17 Childhood Punishments From the 1960s That Had Strange Logic Behind Them

This list explores the peculiar and often counterintuitive disciplinary methods used by parents during the 1960s.

  • Daisy Montero
  • 10 min read
17 Childhood Punishments From the 1960s That Had Strange Logic Behind Them
A young boy sitting in a wooden chair facing a corner wall

Discipline in the 1960s was a far cry from the modern era of “gentle parenting” and measured time-outs. It was a decade defined by rigid expectations and a belief that character was forged through discomfort. Parents often relied on creative, albeit bizarre, punishments to instill values like silence, obedience, and thriftiness. From the infamous “soap in the mouth” to being forced to wear embarrassing signs, these methods followed a logic that suggested a child’s spirit needed to be dampened to be improved.

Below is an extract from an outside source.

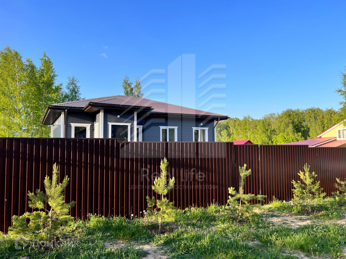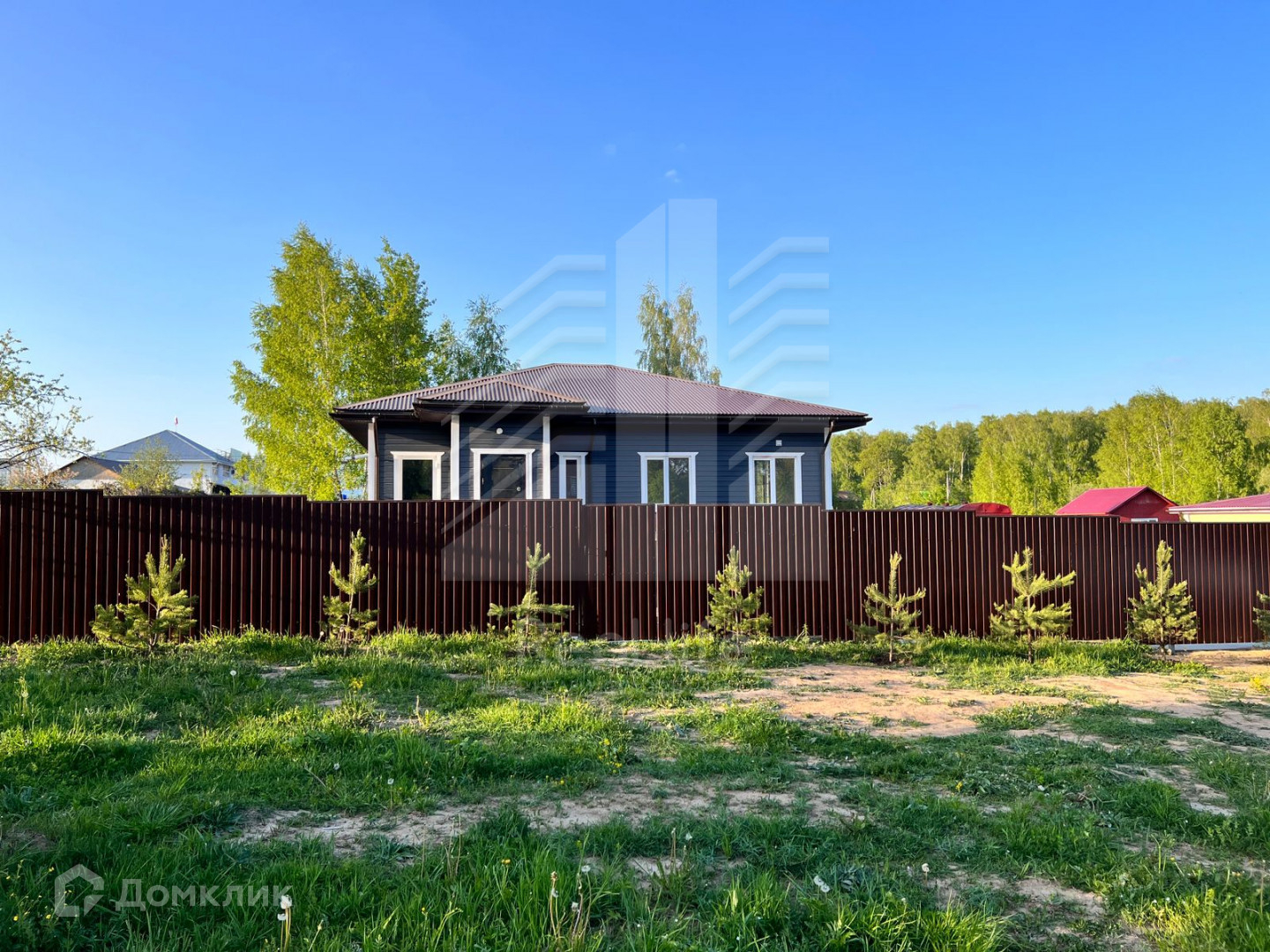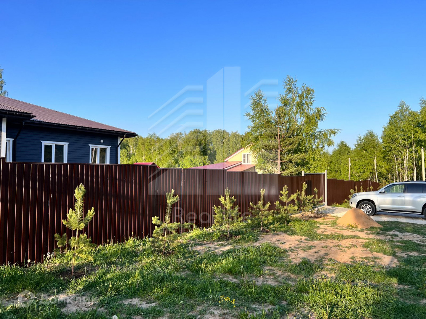 По фасаду забора в подарок покупателю посажено 15 сосен.

This listicle revisits seventeen of these strange disciplinary tactics, offering a nostalgic and slightly bewildering look at how the Baby Boomer generation was raised to follow the rules at any cost.

1. Washing Out the Mouth with Soap

Tara Winstead on Pexels

Tara Winstead on Pexels

In the 1960s, foul language, or “backtalk,” was met with literal cleansing. Parents believed that if a child spoke “dirty” words, their mouth required physical cleaning. A bar of Ivory or Lifebuoy soap was pressed against the tongue or used to scrub the teeth. The strange logic suggested that the lingering, bitter taste of lye and perfume would create a sensory association so unpleasant that the child would physically recoil from swearing in the future. Instead of teaching vocabulary or emotional regulation, this method relied on the idea that a soapy mouth would lead to a pure heart. It was a common household remedy for a sassy attitude.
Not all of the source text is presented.